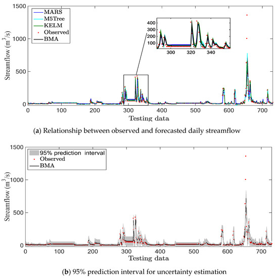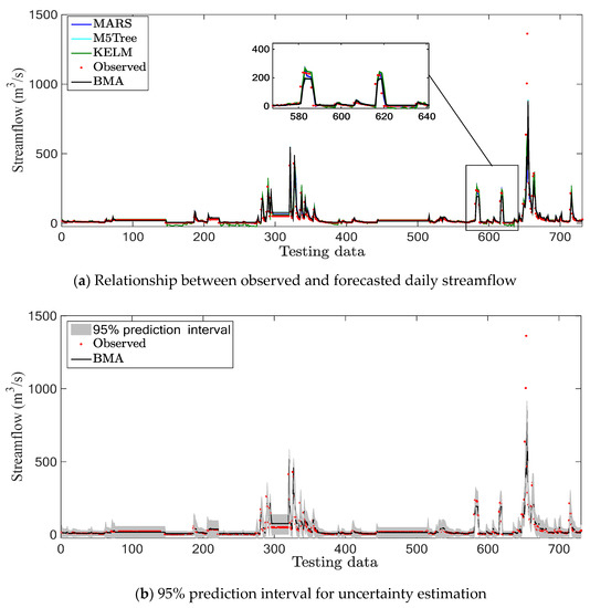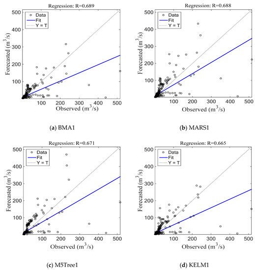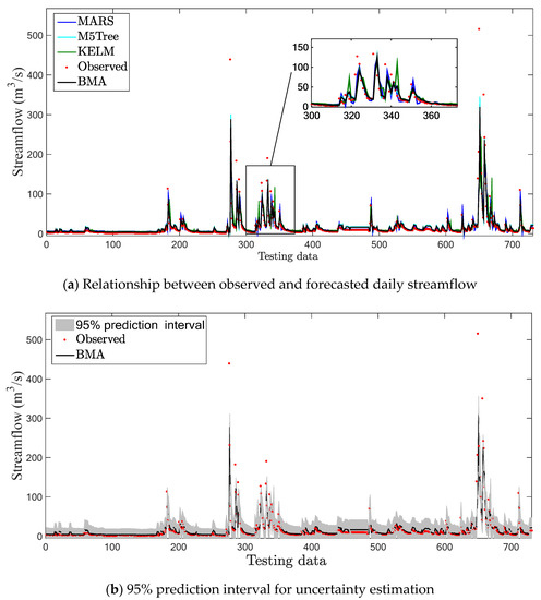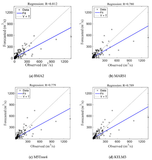 - Yin, Z.; Feng, Q.; Wen, X.; Deo, R.C.; Yang, L.; Si, J.; He, Z. Design and evaluation of SVR, MARS and M5Tree models for 1, 2 and 3-day lead time forecasting of river flow data in a semiarid mountainous catchment. Stoch. Environ. Res. Risk. Assess. 2018, 32, 2457–2476. [Google Scholar] [CrossRef]
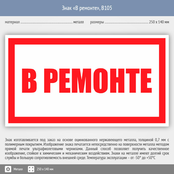 Знак «В ремонте», B105 (металл, 250х140 мм) в Кызыле купить
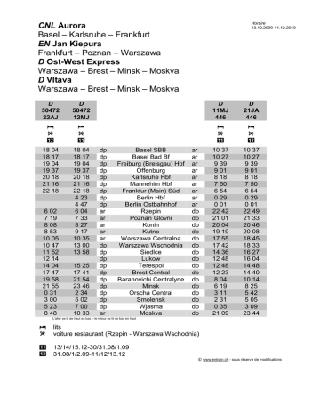 Horaire 13.12.2009-11.12.2010 CNL Aurora Basel – Karlsruhe – Frankfurt EN Jan Kiepura Frankfurt – Poznan – Warszawa D Ost-West Express Warszawa – Brest – Minsk – Moskva D Vltava Warszawa – Brest – Minsk – Moskva D 50472 22AJ D 50472 12MJ D 11MJ 446 D 21JA 446 y r "- y r ", y r ", y r "- 18 04 18 17 19 04 19 37 20 18 21 16 22 18 18 04 18 17 19 04 19 37 20 18 21 16 22 18 4 23 4 47 6 04 7 33 8 27 9 17 10 35 13 00 13 58 10 37 10 27 9 39 9 01 8 18 7 50 6 54 0 29 0 01 22 42 21 01 20 04 19 19 17 55 17 42 14 36 12 48 12 48 12 23 8 04 6 19 3 11 2 31 0 35 21 09 10 37 10 27 9 39 9 01 8 18 7 50 6 54 0 29 0 01 22 49 21 33 20 46 20 08 18 45 18 33 16 27 16 04 14 48 14 40 10 14 8 25 5 42 5 05 3 09 23 44 6 02 7 19 8 08 8 53 10 05 10 47 11 52 12 14 14 04 17 47 19 58 21 55 0 31 3 00 5 23 8 48 15 25 17 41 21 54 23 46 2 34 5 02 7 00 10 33 dp dp dp dp dp dp dp dp dp ar ar ar ar ar dp dp dp dp dp dp dp dp dp dp ar Basel SBB Basel Bad Bf Freiburg (Breisgau) Hbf Offenburg Karlsruhe Hbf Mannehim Hbf Frankfur (Main) Süd Berlin Hbf Berlin Ostbahnhof Rzepin Poznan Glovni Konin Kutno Warszawa Centralna Warszawa Wschodnia Siedlce Lukow Terespol Brest Central Baranovichi Centralyne Minsk Orscha Central Smolensk Wjasma Moskva ar ar ar ar ar ar ar ar ar dp dp dp dp dp dp dp dp dp dp dp dp dp dp dp dp L'aller se lit de haut en bas – le retour se lit de bas en haut x r lits voiture restaurant (Rzepin - Warszawa Wschodnia) ", "- 13/14/15.12-30/31.08/1.09 31.08/1/2.09-11/12/13.12 T www.entrain.ch - sous réserve de modifications
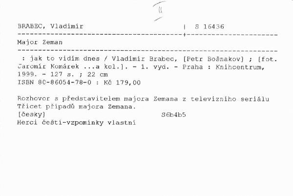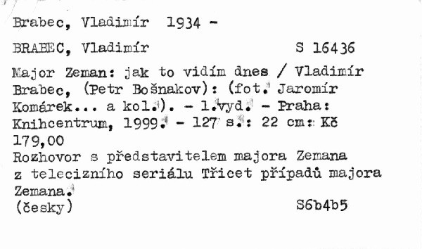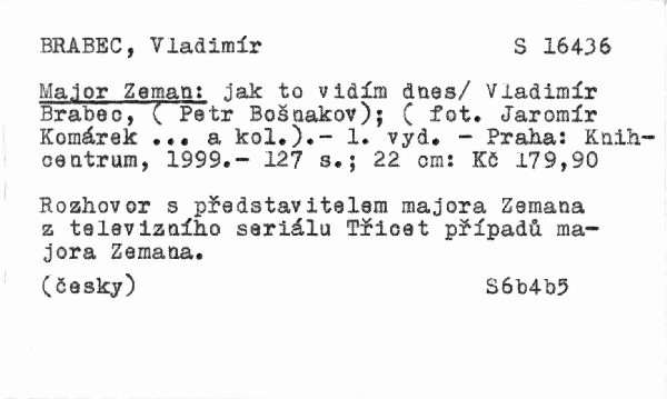 Vladimír Brabec jako představitel majora Zemana odpovídá na otázky Petra Bošnakova. Cílem rozhovorů je snaha reagovat na "causu Zeman", která se objevila v souvislosti se znovuuvedením televizního seriálu Třicet případů majora Zemana. Jednotlivé rozhovory oddělují vstupy herců, kteří se na vzniku seriálu rovněž podíleli - Ivany Andrlové, Renaty Doleželové, Jaroslavy Obermeierové, Radoslava Brzobohatého, Rudolfa Jelínka a Petra Štěpánka. Publikace postrádá faktografické vybavení - soupis tvůrců jednotlivých dílů, zejména scénáristů.
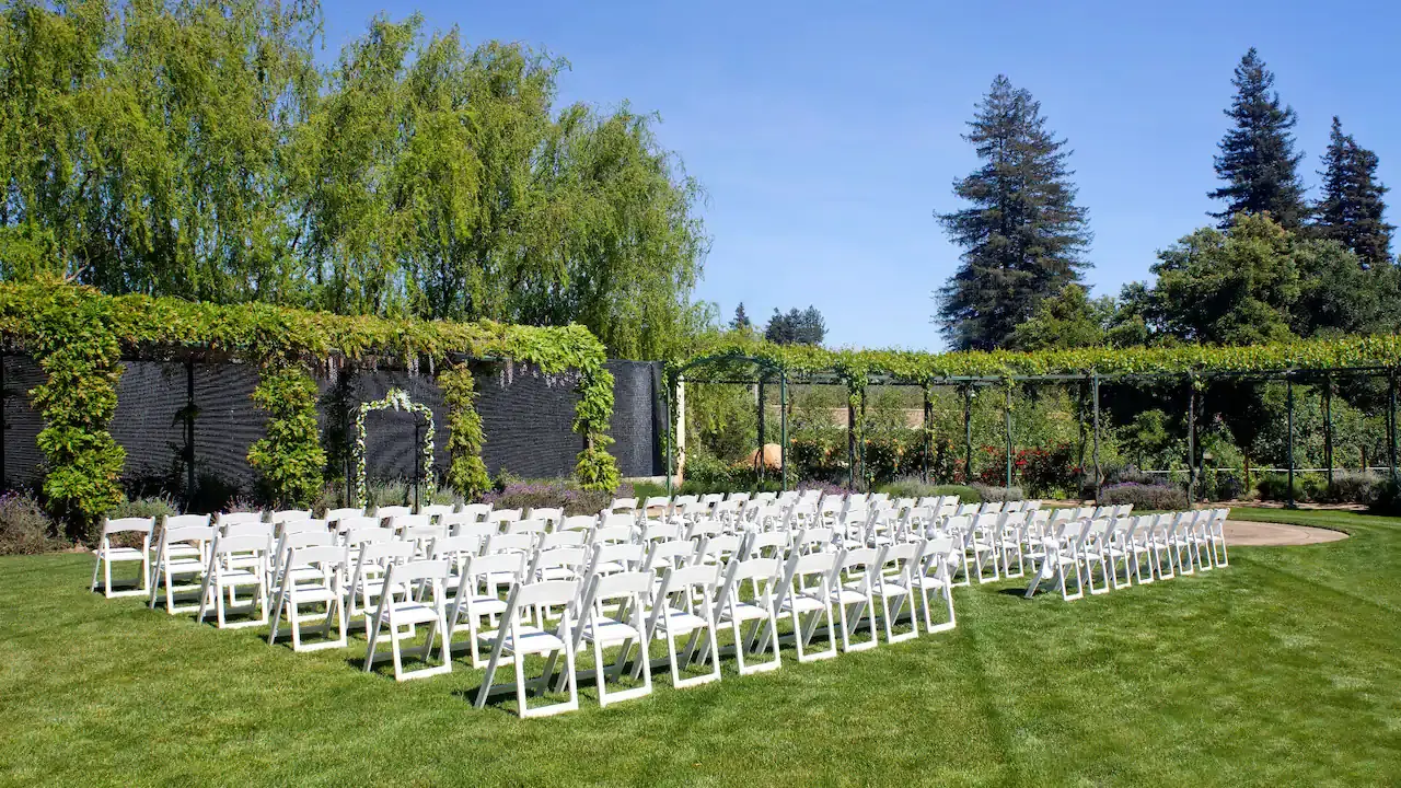 The Knights Valley Garden offers a romantic outdoor setting for ceremonies, featuring an 80-foot water wall, trellises adorned with wisteria, and fragrant lavender borders. This 4,950-square-foot garden can accommodate up to 350 seated guests or 500 standing, providing a picturesque and intimate atmosphere for your special day.
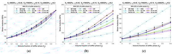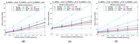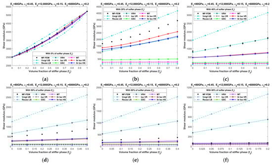 Effective shear moduli of LPC composites characterized by MF-FEM and analytical micromechanics models with (a) 0%; (b) 20%; (c) 40%; (d) 50%; (e) 60%; and (f) 80% of the softer phase.
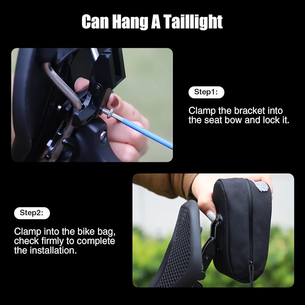 Night riding warning, reflective design, distributed on the side and tail of the bag, can be hung taillights, further enhance the safety of riding in the night or dark light. Effectively improve the safety of night riding by alerting other vehicles to your location.
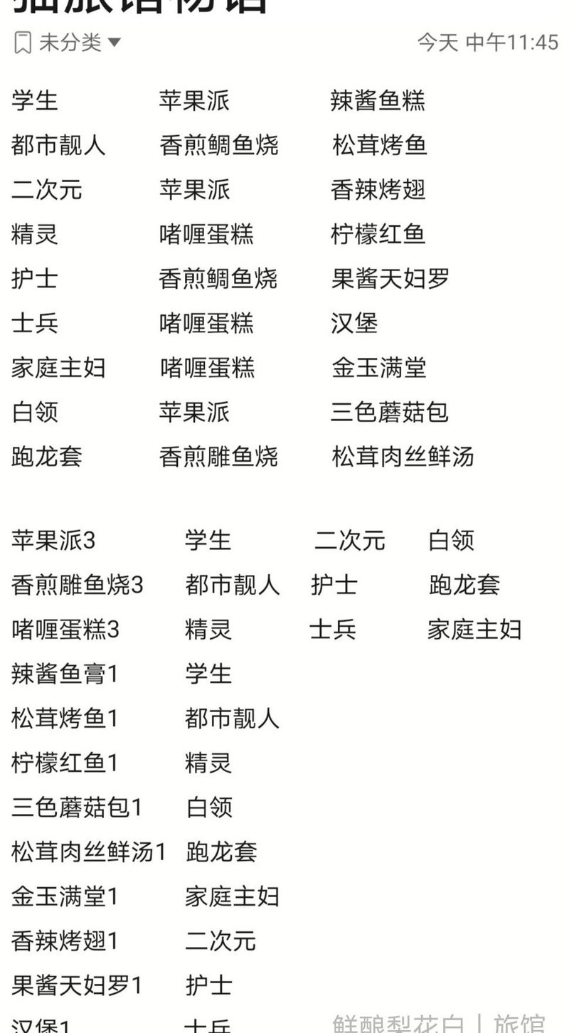 顾客最喜爱的前三道菜品分别是苹果派d1、鲷鱼烧c1和啫喱蛋糕b1,已覆盖所有客群。苹果派满级收益为15,当前12档完全够用,资源充裕时再升级即可;重点应关注鲷鱼烧,其10级收益达16。农场四个区域等级建议优先按开放顺序提升至5444,以确保满足啫喱蛋糕的销售需求,避免因随机出现精灵导致经营中断。
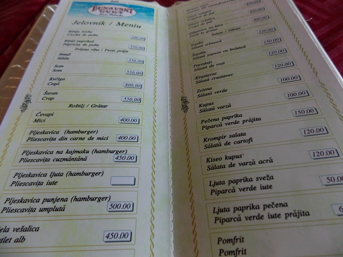 Preturile sunt incredibil de bune. De exemplu, o portie de ciorba de pește, care contine pește din belsug, costa mai putin de zece lei, in bani romanesti. Aceasta in conditiile in care o ciorba mai putin imbelsugata, pe malul romanesc al Dunarii, ajunge sa coste 15-16 lei.
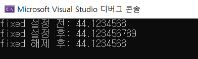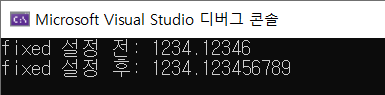 위의 결과를 확인하면 fixed 설정 전에는 전체의 9자리만을 출력하여 6번째 소수점부터는 출력되지 않았지만, fixed 설정 이후 소수점 아래 9자리 후가 모두 출력된 것을 확인 할 수 있다.

• • • •

The task> Exactly as given, transcribe every line of the data, but not its images.

Answer to this task>
 - Yin, Z.; Feng, Q.; Wen, X.; Deo, R.C.; Yang, L.; Si, J.; He, Z. Design and evaluation of SVR, MARS and M5Tree models for 1, 2 and 3-day lead time forecasting of river flow data in a semiarid mountainous catchment. Stoch. Environ. Res. Risk. Assess. 2018, 32, 2457–2476. [Google Scholar] [CrossRef]
 Знак «В ремонте», B105 (металл, 250х140 мм) в Кызыле купить
 Horaire 13.12.2009-11.12.2010 CNL Aurora Basel – Karlsruhe – Frankfurt EN Jan Kiepura Frankfurt – Poznan – Warszawa D Ost-West Express Warszawa – Brest – Minsk – Moskva D Vltava Warszawa – Brest – Minsk – Moskva D 50472 22AJ D 50472 12MJ D 11MJ 446 D 21JA 446 y r "- y r ", y r ", y r "- 18 04 18 17 19 04 19 37 20 18 21 16 22 18 18 04 18 17 19 04 19 37 20 18 21 16 22 18 4 23 4 47 6 04 7 33 8 27 9 17 10 35 13 00 13 58 10 37 10 27 9 39 9 01 8 18 7 50 6 54 0 29 0 01 22 42 21 01 20 04 19 19 17 55 17 42 14 36 12 48 12 48 12 23 8 04 6 19 3 11 2 31 0 35 21 09 10 37 10 27 9 39 9 01 8 18 7 50 6 54 0 29 0 01 22 49 21 33 20 46 20 08 18 45 18 33 16 27 16 04 14 48 14 40 10 14 8 25 5 42 5 05 3 09 23 44 6 02 7 19 8 08 8 53 10 05 10 47 11 52 12 14 14 04 17 47 19 58 21 55 0 31 3 00 5 23 8 48 15 25 17 41 21 54 23 46 2 34 5 02 7 00 10 33 dp dp dp dp dp dp dp dp dp ar ar ar ar ar dp dp dp dp dp dp dp dp dp dp ar Basel SBB Basel Bad Bf Freiburg (Breisgau) Hbf Offenburg Karlsruhe Hbf Mannehim Hbf Frankfur (Main) Süd Berlin Hbf Berlin Ostbahnhof Rzepin Poznan Glovni Konin Kutno Warszawa Centralna Warszawa Wschodnia Siedlce Lukow Terespol Brest Central Baranovichi Centralyne Minsk Orscha Central Smolensk Wjasma Moskva ar ar ar ar ar ar ar ar ar dp dp dp dp dp dp dp dp dp dp dp dp dp dp dp dp L'aller se lit de haut en bas – le retour se lit de bas en haut x r lits voiture restaurant (Rzepin - Warszawa Wschodnia) ", "- 13/14/15.12-30/31.08/1.09 31.08/1/2.09-11/12/13.12 T www.entrain.ch - sous réserve de modifications
 Vladimír Brabec jako představitel majora Zemana odpovídá na otázky Petra Bošnakova. Cílem rozhovorů je snaha reagovat na "causu Zeman", která se objevila v souvislosti se znovuuvedením televizního seriálu Třicet případů majora Zemana. Jednotlivé rozhovory oddělují vstupy herců, kteří se na vzniku seriálu rovněž podíleli - Ivany Andrlové, Renaty Doleželové, Jaroslavy Obermeierové, Radoslava Brzobohatého, Rudolfa Jelínka a Petra Štěpánka. Publikace postrádá faktografické vybavení - soupis tvůrců jednotlivých dílů, zejména scénáristů.
 The Knights Valley Garden offers a romantic outdoor setting for ceremonies, featuring an 80-foot water wall, trellises adorned with wisteria, and fragrant lavender borders. This 4,950-square-foot garden can accommodate up to 350 seated guests or 500 standing, providing a picturesque and intimate atmosphere for your special day.
 Effective shear moduli of LPC composites characterized by MF-FEM and analytical micromechanics models with (a) 0%; (b) 20%; (c) 40%; (d) 50%; (e) 60%; and (f) 80% of the softer phase.
 Night riding warning, reflective design, distributed on the side and tail of the bag, can be hung taillights, further enhance the safety of riding in the night or dark light. Effectively improve the safety of night riding by alerting other vehicles to your location.
 顾客最喜爱的前三道菜品分别是苹果派d1、鲷鱼烧c1和啫喱蛋糕b1,已覆盖所有客群。苹果派满级收益为15,当前12档完全够用,资源充裕时再升级即可;重点应关注鲷鱼烧,其10级收益达16。农场四个区域等级建议优先按开放顺序提升至5444,以确保满足啫喱蛋糕的销售需求,避免因随机出现精灵导致经营中断。
 Preturile sunt incredibil de bune. De exemplu, o portie de ciorba de pește, care contine pește din belsug, costa mai putin de zece lei, in bani romanesti. Aceasta in conditiile in care o ciorba mai putin imbelsugata, pe malul romanesc al Dunarii, ajunge sa coste 15-16 lei.
 위의 결과를 확인하면 fixed 설정 전에는 전체의 9자리만을 출력하여 6번째 소수점부터는 출력되지 않았지만, fixed 설정 이후 소수점 아래 9자리 후가 모두 출력된 것을 확인 할 수 있다.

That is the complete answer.